- **Data provided**
- - -

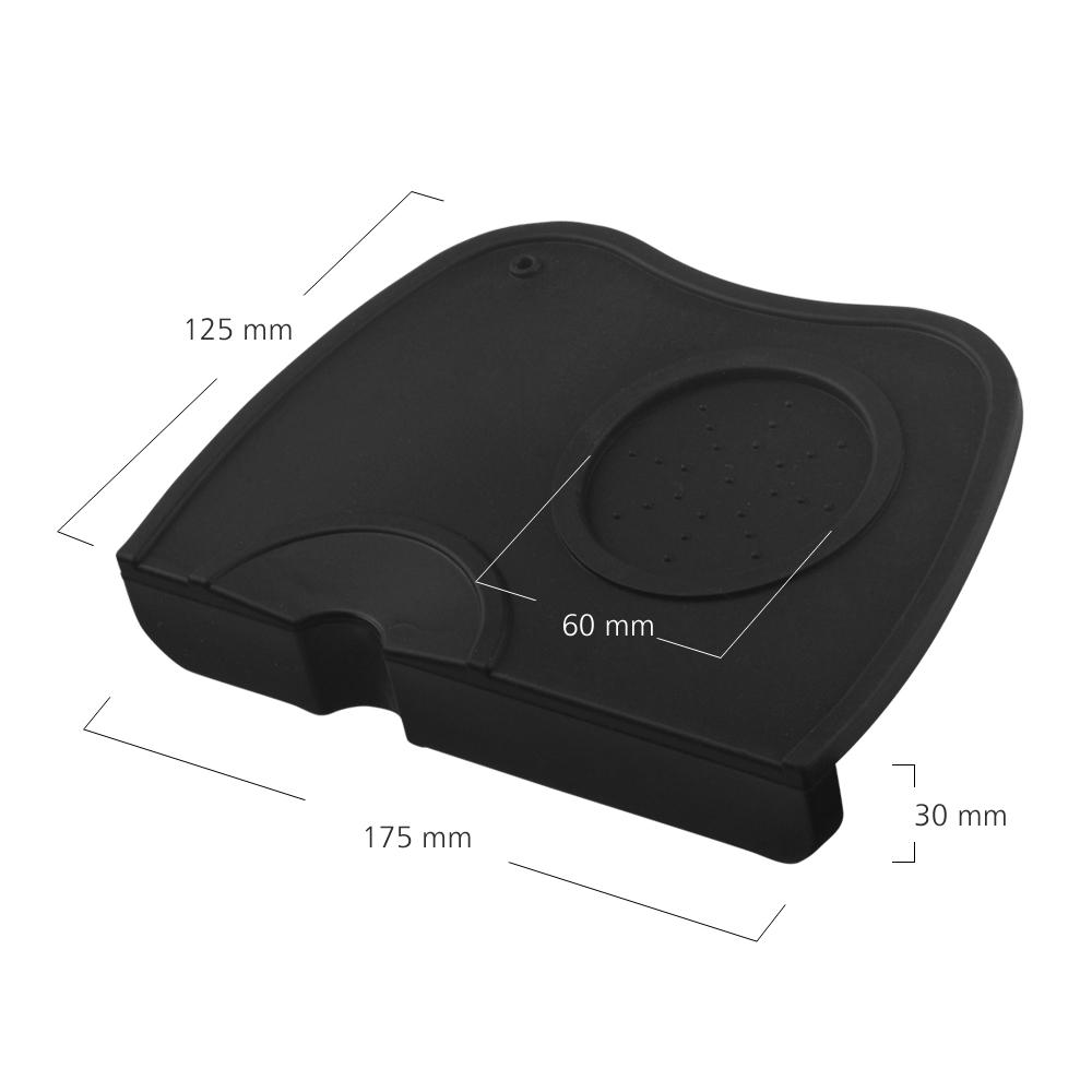 Suportul de silicon (tamping station) pentru tamper și mânerul 4Barista protejează perfect mânerul aparatului de cafea, precum și masa de lucru, în timp ce presați cafeaua în mâner. Pe suport își va găsi locul și tamperul cu diametru de max. 60 mm.
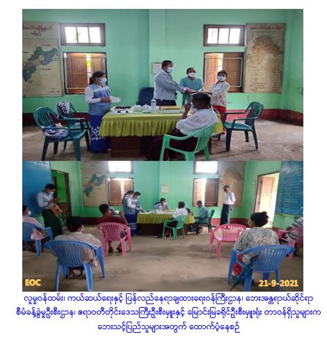 လူမှုဝန်ထမ်း၊ ကယ်ဆယ်ရေးနှင့် ပြန်လည်နေရာချထားရေးဝန်ကြီးဌာန၊ ဘေးအန္တရာယ်ဆိုင်ရာစီမံခန့်ခွဲမှု ဦးစီးဌာန၊ ပဲခူးတိုင်းဒေသကြီး၊ သာယာဝတီခရိုင်၊ မိုးညိုမြို့နယ်ဦးစီးမှူးရုံးမှ ဝန်ထမ်းများသည် (၂၁-၉-၂၀၂၁) ရက်နေ့၊ (၀၈း၀၀) အချိန်မှ (၁၁း၃၀) အချိန်အထိမော်တော်ယာဥ်ဖြင့်လှည့်လည်၍မိုးညိုမြို့နယ်၊ ညောင်ဝိုင်းကျေးရွာ၊ ငှက်ပျောတုံးကျေးရွာ၊ ဆင်ကျွန်းကျေးရွာ၊ ကျားကျွန်းကျေးရွာ၊ မိုးသီတာကျေးရွာ၊ ပေါက်ကုန်းကျေး ရွာ၊ ရှောက်ပင်ကွင်းကျေးရွာနှင့်ဗောဓိကုန်းကျေးရွာတို့တွင် COVID-၁၉ ရောဂါ ကူးစက်ပြန့်ပွားမှုမရှိစေရေး လိုက်နာဆောင်ရွက်ရန်အချက်များအားလည်းကောင်း၊ သဘာဝဘေး အန္တရာယ်များနှင့်ပတ်သက်၍ ဆောင်ရန်/ရှောင်ရန်အချက်များအားလည်းကောင်း မြို့နယ်ပြန်/ဆက်နှင့် ပူးပေါင်း၍ အသိပညာပေးဆော်ဩခဲ့ပြီး ပြည်သူလူထုအား Surgical Mask နှင့် လက်ကမ်းစာစောင်များဖြန့်ဝေပေးခဲ့ပါကြောင်း သတင်းရရှိပါသည်။ #ar … Read more
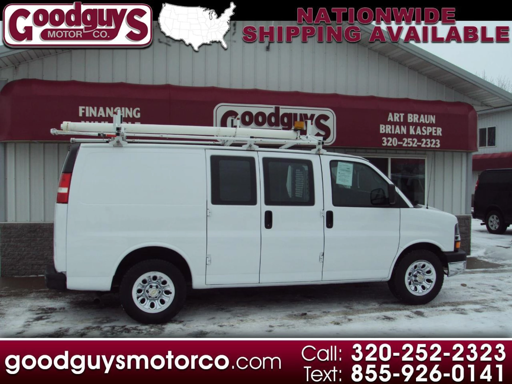 2012 Chevy Express AWD Cargo Van --> Cloth Interior!! This Chevy van has been fully serviced at Goodguys Motor Company and is ready to hit the road, fresh oil change , new battery, new air filter, new headlights, 2 new outer tie rod ends, new rack and pinion, new wiper blades. Features include: 5.3L V8, automatic transmission, air conditioning, AM/FM/ stereo, power locks, cruise control, tilt wheel, daytime running lights, auto headlights, info center, ABS brakes, traction control, rear shelves, bulkhead, dual drop down ladder rack. Also included is a 30 day or 1,000 mile Powertrain warranty (work must be done in our shop). Don't let this one pass you by.. Give us a call or stop in for a test drive! For more information please visit our website at http://www.goodguysmotorco.com or call 320-252-2323 For more information please visit our website at http://www.goodguysmotorco.com or call 320-252-2323

- - -

Everything in the listing above must be retyped exactly, except for the pictures.

- **Exercise output**
 Suportul de silicon (tamping station) pentru tamper și mânerul 4Barista protejează perfect mânerul aparatului de cafea, precum și masa de lucru, în timp ce presați cafeaua în mâner. Pe suport își va găsi locul și tamperul cu diametru de max. 60 mm.
 လူမှုဝန်ထမ်း၊ ကယ်ဆယ်ရေးနှင့် ပြန်လည်နေရာချထားရေးဝန်ကြီးဌာန၊ ဘေးအန္တရာယ်ဆိုင်ရာစီမံခန့်ခွဲမှု ဦးစီးဌာန၊ ပဲခူးတိုင်းဒေသကြီး၊ သာယာဝတီခရိုင်၊ မိုးညိုမြို့နယ်ဦးစီးမှူးရုံးမှ ဝန်ထမ်းများသည် (၂၁-၉-၂၀၂၁) ရက်နေ့၊ (၀၈း၀၀) အချိန်မှ (၁၁း၃၀) အချိန်အထိမော်တော်ယာဥ်ဖြင့်လှည့်လည်၍မိုးညိုမြို့နယ်၊ ညောင်ဝိုင်းကျေးရွာ၊ ငှက်ပျောတုံးကျေးရွာ၊ ဆင်ကျွန်းကျေးရွာ၊ ကျားကျွန်းကျေးရွာ၊ မိုးသီတာကျေးရွာ၊ ပေါက်ကုန်းကျေး ရွာ၊ ရှောက်ပင်ကွင်းကျေးရွာနှင့်ဗောဓိကုန်းကျေးရွာတို့တွင် COVID-၁၉ ရောဂါ ကူးစက်ပြန့်ပွားမှုမရှိစေရေး လိုက်နာဆောင်ရွက်ရန်အချက်များအားလည်းကောင်း၊ သဘာဝဘေး အန္တရာယ်များနှင့်ပတ်သက်၍ ဆောင်ရန်/ရှောင်ရန်အချက်များအားလည်းကောင်း မြို့နယ်ပြန်/ဆက်နှင့် ပူးပေါင်း၍ အသိပညာပေးဆော်ဩခဲ့ပြီး ပြည်သူလူထုအား Surgical Mask နှင့် လက်ကမ်းစာစောင်များဖြန့်ဝေပေးခဲ့ပါကြောင်း သတင်းရရှိပါသည်။ #ar … Read more
 2012 Chevy Express AWD Cargo Van --> Cloth Interior!! This Chevy van has been fully serviced at Goodguys Motor Company and is ready to hit the road, fresh oil change , new battery, new air filter, new headlights, 2 new outer tie rod ends, new rack and pinion, new wiper blades. Features include: 5.3L V8, automatic transmission, air conditioning, AM/FM/ stereo, power locks, cruise control, tilt wheel, daytime running lights, auto headlights, info center, ABS brakes, traction control, rear shelves, bulkhead, dual drop down ladder rack. Also included is a 30 day or 1,000 mile Powertrain warranty (work must be done in our shop). Don't let this one pass you by.. Give us a call or stop in for a test drive! For more information please visit our website at http://www.goodguysmotorco.com or call 320-252-2323 For more information please visit our website at http://www.goodguysmotorco.com or call 320-252-2323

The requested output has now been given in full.